As she later explained, “The traditional roles in our family were often reversed: he allowed me to be the boss in most things, perhaps as compensation for his overly ‘masculine’ work.”

But she could always sense that he had another side of him, very hard, which he tried not to show her and which, she said, “turned on in extraordinary situations, like the auxiliary shift in a four-wheel drive.” He would leave to her all decisions about their apartment renovation, yet when he planned their escape from Russia, she did not have a hint of what was going on until the very last moment; he took it all upon himself, and when he finally told her about it there was no point in arguing, and no time to try.

The first time she saw the other side of him was when she went to a driving school not long after he had moved in. As the classes came to an end, the instructor announced that those who did not
want to bother taking the actual driving test could bring in $200 and give it to him “for the cops,” and then drop by the school to pick up their license soon thereafter. Marina was a pretty good driver and she decided to take the test. The traffic patrolman flunked her deliberately. He made it clear that she should pay up, or flunk continuously. As he put it, “The next test is in a week, lady. Now, it seems, we’ll be driving around once a week.”

In a panic, Marina ran to the school. The instructor, shaking his head sadly, said, “You’re not in the group anymore, so it will be $300 now.”

Sasha was infuriated. “Do you really think that I fight corruption day and night for you to pay bribes to those cops?”

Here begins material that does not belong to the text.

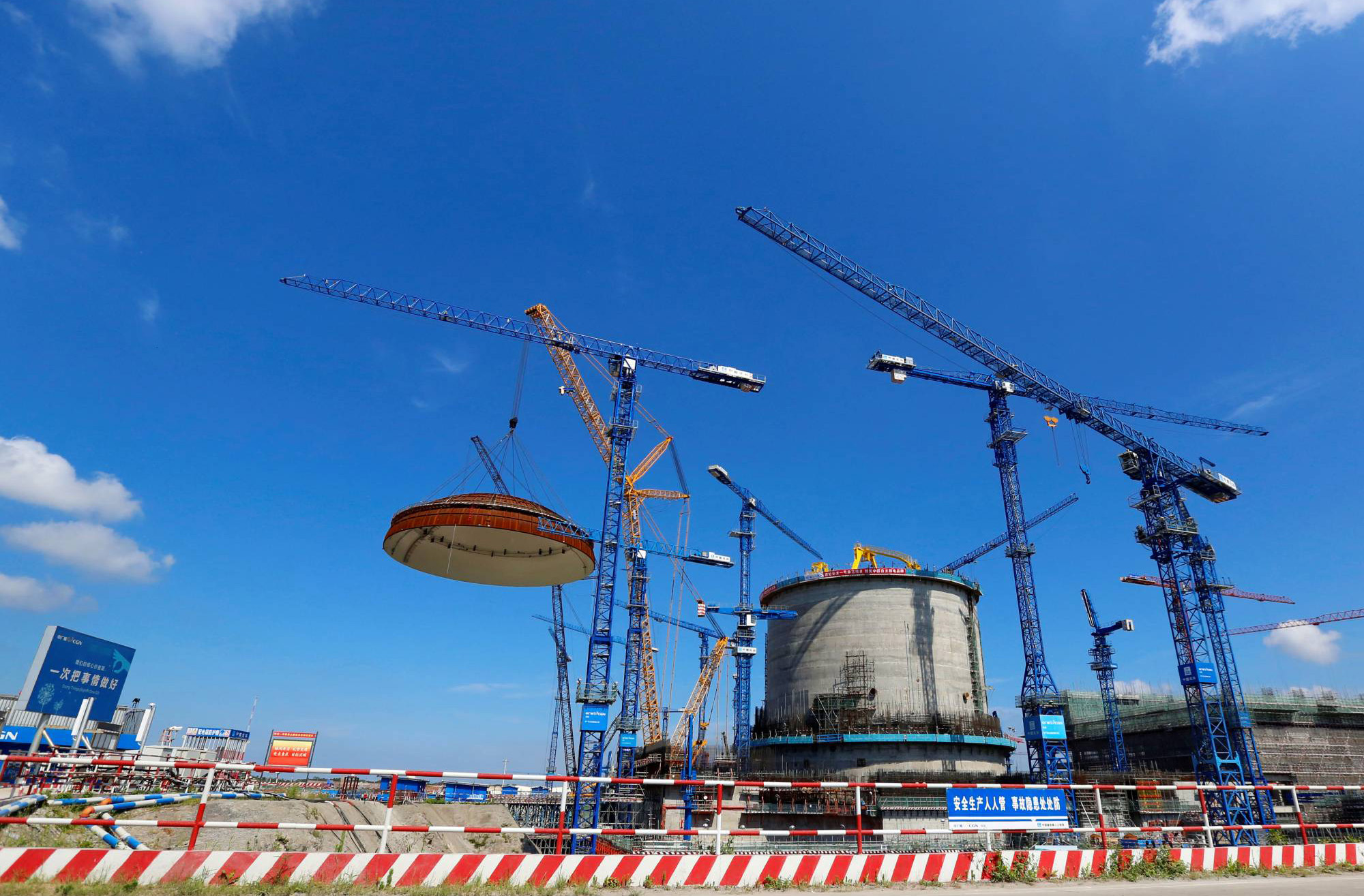 Các công nhân xây dựng tại nhà máy điện hạt nhân Xương Giang trên đảo Hải Nam, Trung Quốc. Ảnh chụp năm 2015. Nguồn: AP
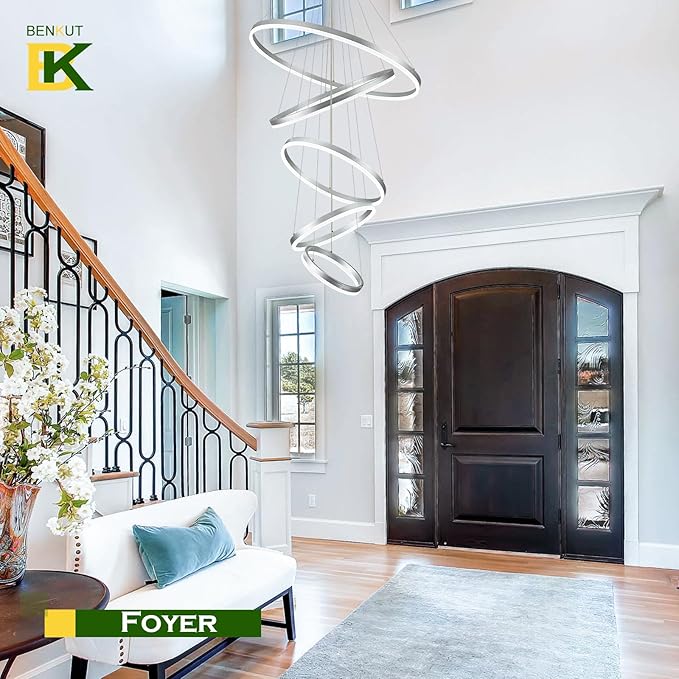 - MULTIPLE SHAPES LED CHANDELIERS: This dining room led chandeliers can freely adjust the height of the chandelier lighting fixtures according to the needs of the scene, and the modern high ceiling chandelier can be adjusted from 1 inch to 91 inches with ultra-long cables. 5 ring diameter: 11.8"+15.7"+19.7"+23.6"+31.5". The circular design is easy to adjust and clean (with instructions included in the packaging).

He went with her to the next test, called the traffic patrolman aside, said a few quiet words to him, flashed his FSB card, and gave him a look that Marina had never seen before. The cop blanched and couldn’t think of anything better than to offer to pass her without even bothering with the test. Sasha grew even angrier, snapping, “I’ll stay in the car and we’ll test her together. If she passes, she passes, if she doesn’t, she’ll be back.”

After the test, Sasha instantly switched back to his normal, easy-going, boyish self, smiling and slapping the patrolman on the back. Marina never forgot that look. She was not afraid of it; she was glad to have it at her disposal, “just in case.”